We therefore introduce an end-to-end trainable architecture that goes directly from volumetric images to 3D surface meshes. Our Voxel2Mesh architecture is depicted by Fig. 1 (b). It comprises a voxel encoder, voxel decoder and a mesh decoder. The two decoders communicate at all resolution levels and our approach incorporates two innovative features that are key to performance.

  • Learned Neighborhood Sampling. The mesh decoder learns to sample the output of the volume decoder only where needed, that is, in the neighborhood of output vertices.

  • Adaptive Mesh Unpooling. Accurately representing the surface requires densely sampled mesh vertices in high-curvature areas but not elsewhere. We introduce an adaptative mesh unpooling scheme that achieves this results and eliminates the need for exponentially large amounts of memory that uniform unpooling requires.

Our contribution therefore is a novel architecture that takes a 3D volume as input and yields an accurate 3D surface without any post-processing. We evaluate it on Electron Microscopy and MRI brain images as well as CT liver scans. We will show that it outperforms state-of-the-art segmentation methods, especially when the training set is relatively small.

Fig. 2.
figure 2

Approach. (a) Learned Neighborhood Sampling. (b) Adaptive Mesh Unpooling.

2 Related Work

CNN-based volumetric methods such as U-Net and its variants  [3, 6, 13, 17] now dominate biomedical image segmentation. This is evident from the CHAOS challenge  [2] and Medical Segmentation Decathlon  [7] results. The winners of both competitions used ensembles of methods relying on volumetric CNNs.

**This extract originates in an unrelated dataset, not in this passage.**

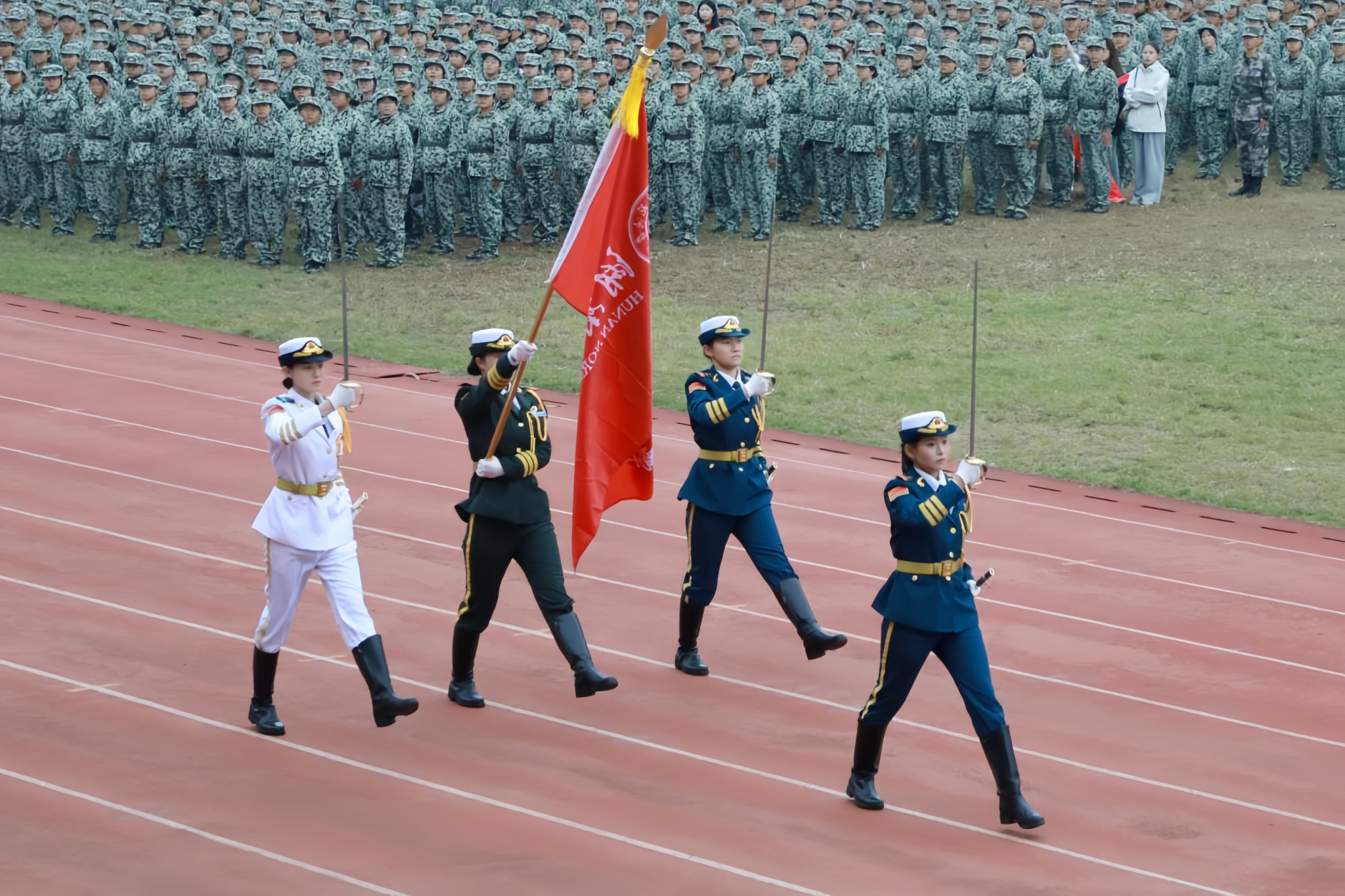 军训成果汇报仪式由女子国旗护卫队指挥长、工程与设计学院李依玲指挥。随着分列式进行曲响起,标兵就位,各学院方阵依次走过主席台接受检阅,同学们步伐一致、整齐有力,口号嘹亮、气势如虹,展示出青春的飒爽英姿。

2.1 Importance of Surface Models

Many biological imaging tools are designed to study the morphology of structures such as cells, organs, or tissues. Researchers usually prefer to visualize them as 3D surfaces at the required level of detail everywhere and are not limited by the voxels resolution. Even though volumes and distances can be estimated using voxels, analyzing surfaces is best accomplished using meshes.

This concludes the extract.